Starting at the line that contains "Step inside to", write out each line exactly through the last one in the material below, and nothing more; omit all pictures.

▶ **INFORMATION SHOWN**
--------------------------------------------------

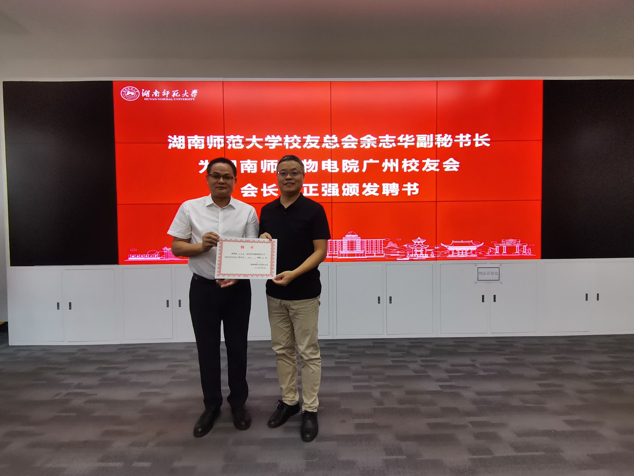 余志华宣读《关于湖南师范大学物理与电子科学学院广州校友会换届的批复》。
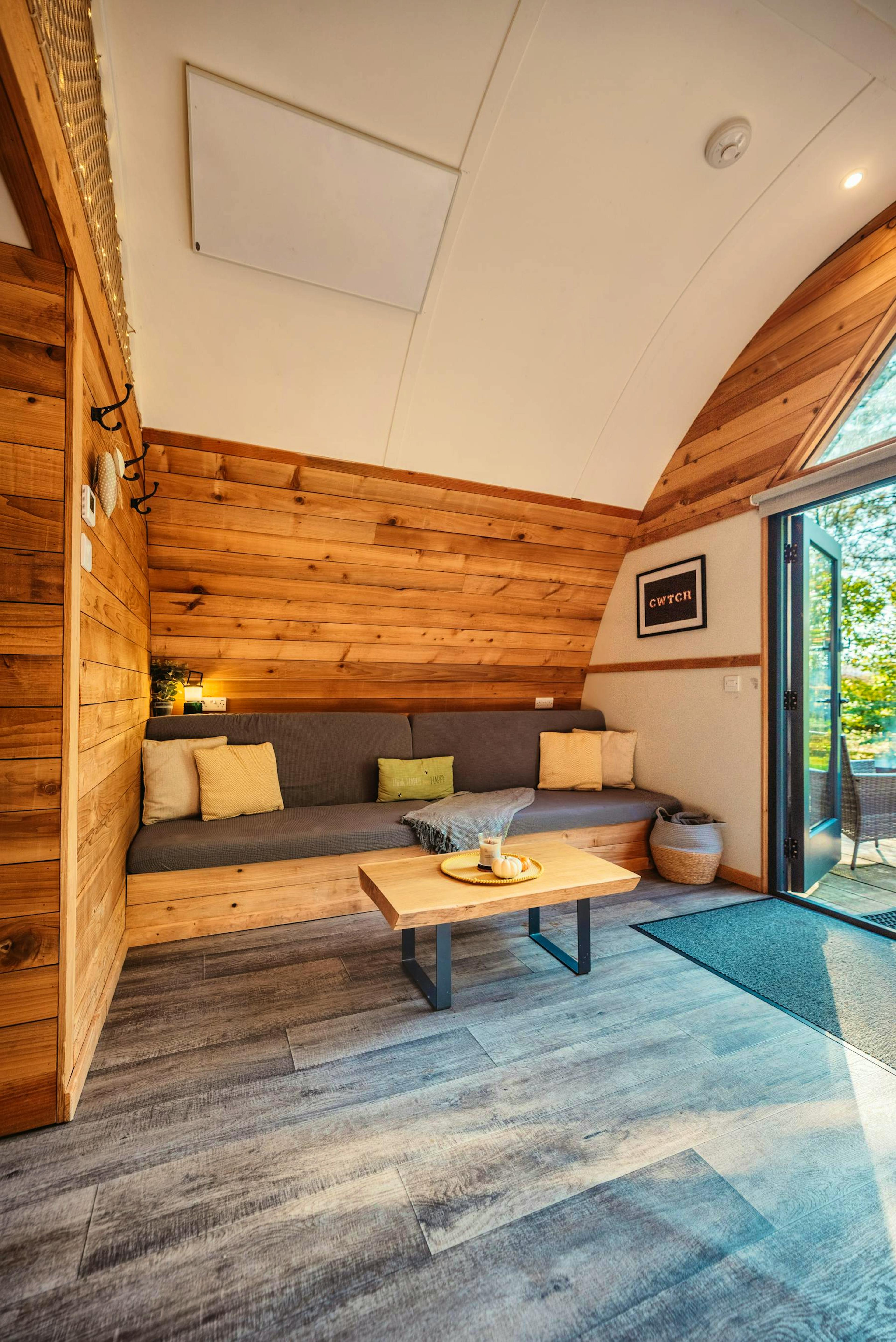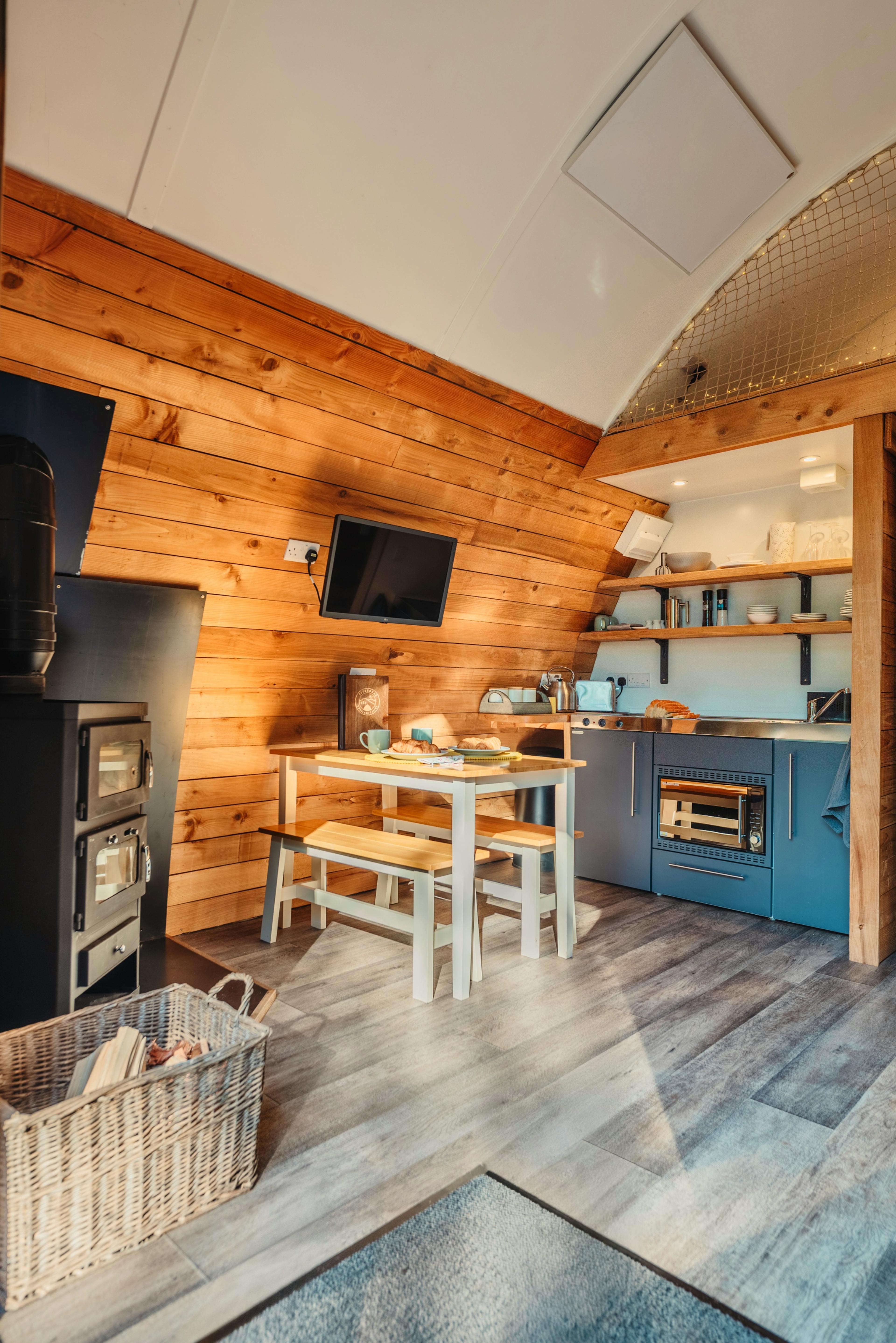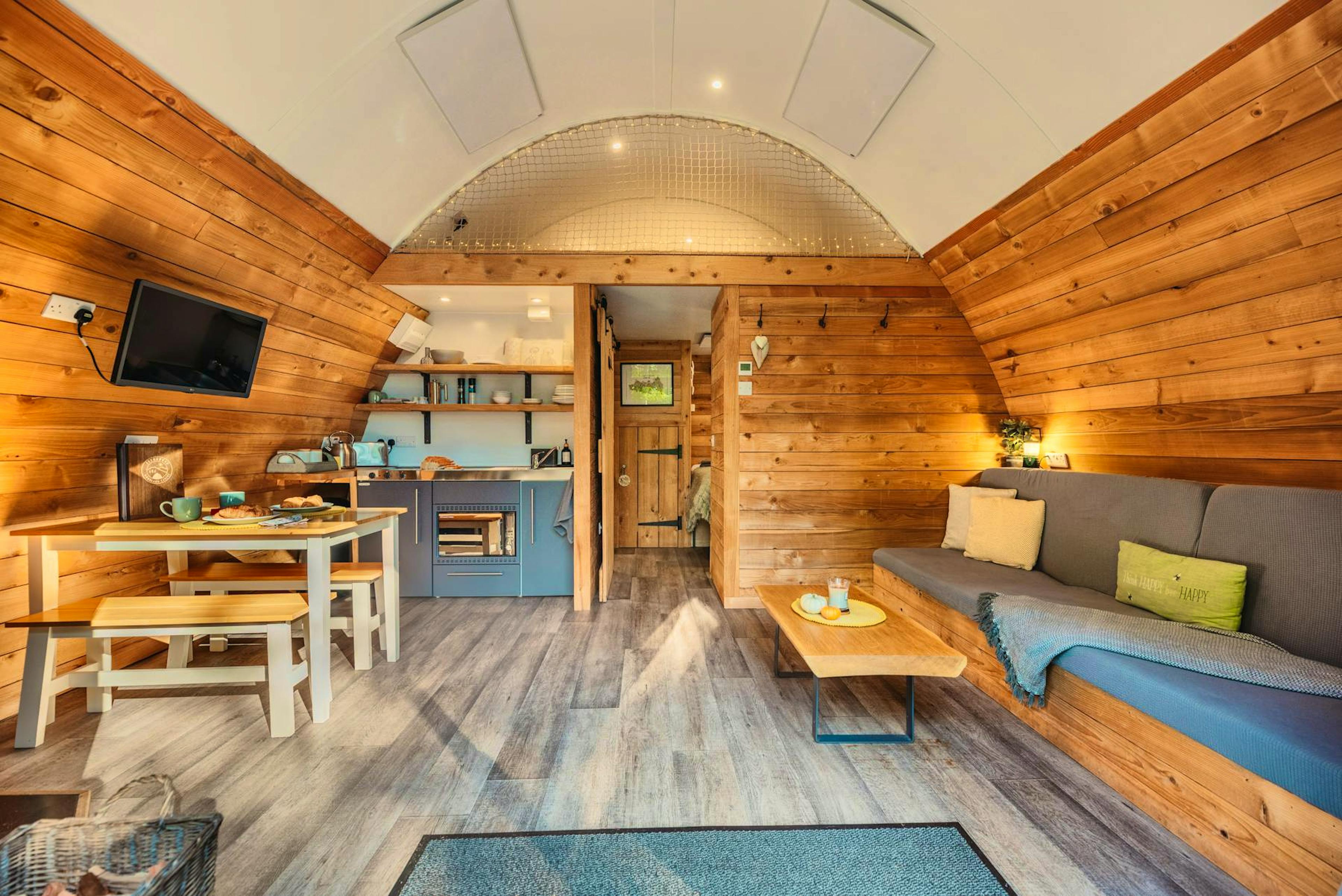 Step inside to find a charming living space with a comfy sofa, Smart TV with Netflix and large glass doors that frame stunning woodland views.
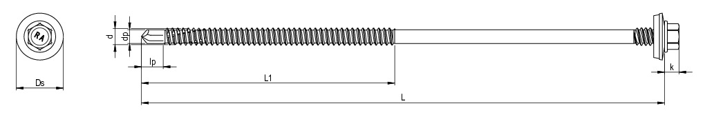 RP-K-P, Sandwich-Bohrschraube, Sechskantkopf mit angepresster Scheibe, 5,5 x 203, Teilgewinde (L1), SW 8, Bimetall (Edelstahl A2/Stahl), RUSPERT®, E16, 100 Stk.
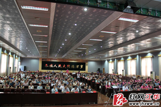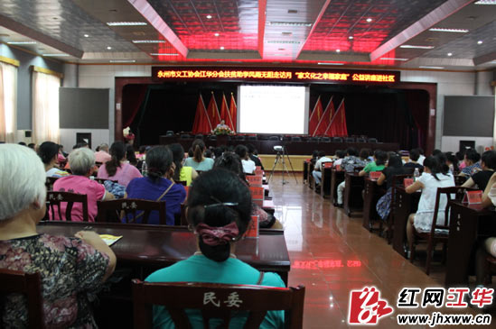 江华新闻网讯(通讯员 唐建国)8月10日下午,立秋刚过,八月的瑶山处处洋溢弥漫着幸福、和谐的融融氛围。县民族科技培训中心室里座无虚席,来自全县各社区近千余名群众聚集在这里,认真聆听“学习传统文化,帮助家庭幸福——家文化进社区”为主题的专题讲座。此次活动由江华瑶族自治县义工联合会、百姓通谱网络科技有限公司、湖南省湖湘文化交流协会主办。

--------------------------------------------------

▶ **ANSWER TO THE PROBLEM**
 Step inside to find a charming living space with a comfy sofa, Smart TV with Netflix and large glass doors that frame stunning woodland views.
 RP-K-P, Sandwich-Bohrschraube, Sechskantkopf mit angepresster Scheibe, 5,5 x 203, Teilgewinde (L1), SW 8, Bimetall (Edelstahl A2/Stahl), RUSPERT®, E16, 100 Stk.
 江华新闻网讯(通讯员 唐建国)8月10日下午,立秋刚过,八月的瑶山处处洋溢弥漫着幸福、和谐的融融氛围。县民族科技培训中心室里座无虚席,来自全县各社区近千余名群众聚集在这里,认真聆听“学习传统文化,帮助家庭幸福——家文化进社区”为主题的专题讲座。此次活动由江华瑶族自治县义工联合会、百姓通谱网络科技有限公司、湖南省湖湘文化交流协会主办。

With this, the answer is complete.